OPEC+: Kazakhstan’s oil production in April remained above its OPEC+ quota despite falling 3% from March levels, averaging 1.814 million barrels per day. The country's assigned OPEC+ quota for April was 1.473 million bpd, and it has consistently overproduced, drawing criticism from other members of the alliance. Energy Minister Erlan Akkenzhenov emphasized that Kazakhstan will prioritize national interests over OPEC+ commitments, though the country has pledged to reduce cumulative output by 1.3 million bpd by April 2026 to compensate. Oil exports rose 7% year-on-year in the first quarter of 2025, aided by increased flowthrough the Caspian pipeline. Output at the Tengiz field, Kazakhstan’s large stand operated by Chevron, declined slightly in April, though overall production remains elevated due to recent field expansions.

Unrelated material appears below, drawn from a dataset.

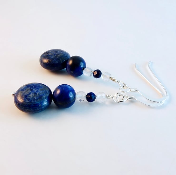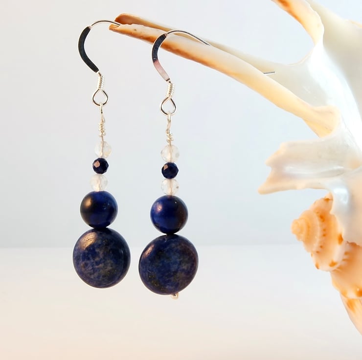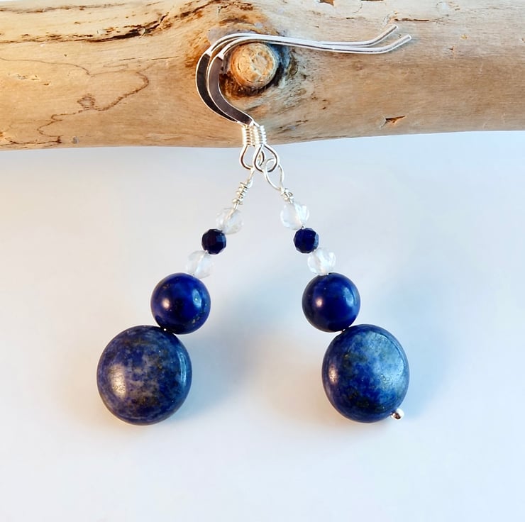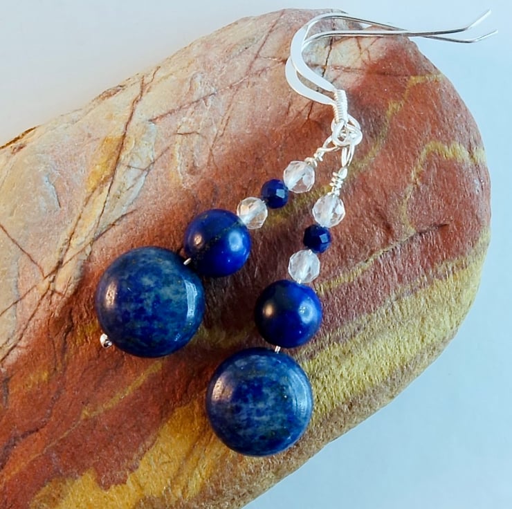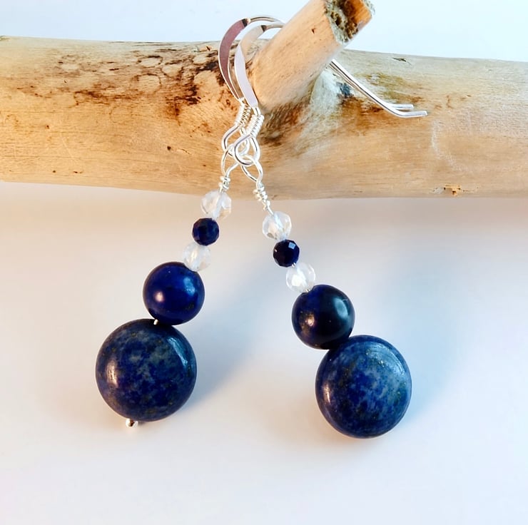 Lapis Lazuli Earrings With Crystal Quartz On Sterling Silver - Handmade In Devon

Market Overview: Oil prices fell on Tuesday to near a two-week low, with U.S. West Texas Intermediate crude dropping 1.8% to $60.95 a barrel, as investors grew concerned about weakening demand due to the ongoing U.S.-China trade war. Analysts warned that a prolonged trade conflict could lead to a global recession and further reduce oil demand, pressuring prices downward. Some OPEC+ members are expected to propose another production hike in June, despite already weak market sentiment. Kazakhstan, a key producer, continues increasing exports, with a 7% year-on-year rise in Q1 2025, further contributing to the oversupplied market.

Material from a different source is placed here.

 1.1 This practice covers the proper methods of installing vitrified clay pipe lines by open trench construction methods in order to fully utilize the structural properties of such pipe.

U.S. West Texas Intermediate (WTI) crude futures remain in the red this morning. This dip reflects ongoing investor concerns over the U.S.-China trade tensions, which continue to cloud the global economic outlook and raise fears of reduced oil demand. Additionally, market participants are apprehensive about the possibility of OPEC+ accelerating its oil output increases when the group meets on May 5, potentially leading to oversupply. Geopolitical factors, including the continuation of nuclear talks between the U.S. and Iran and a significant explosion at Iran’s Bandar Abbas port, have further contributed to market volatility.

Oil prices dropped about 2% to a two-week low amid fears that an expected OPEC+ production increase and U.S. tariffs could weaken global fuel demand. West Texas Intermediate crude fell to $60.42 per barrel, as economists warned that Trump's trade policies might trigger a global recession. The U.S.-China trade war escalated, with both nations imposing tariffs, leading analysts to sharply reduce their oil demand and price forecasts. The trade conflict also impacted major corporations, with UPS announcing 20,000 job cuts and GM delaying its outlook, while BP reported a 48% drop in profit. Meanwhile, OPEC+ is expected to propose another output hike in June, which analysts warn could worsen market conditions as countries like Kazakhstan boost exports instead of curbing supply.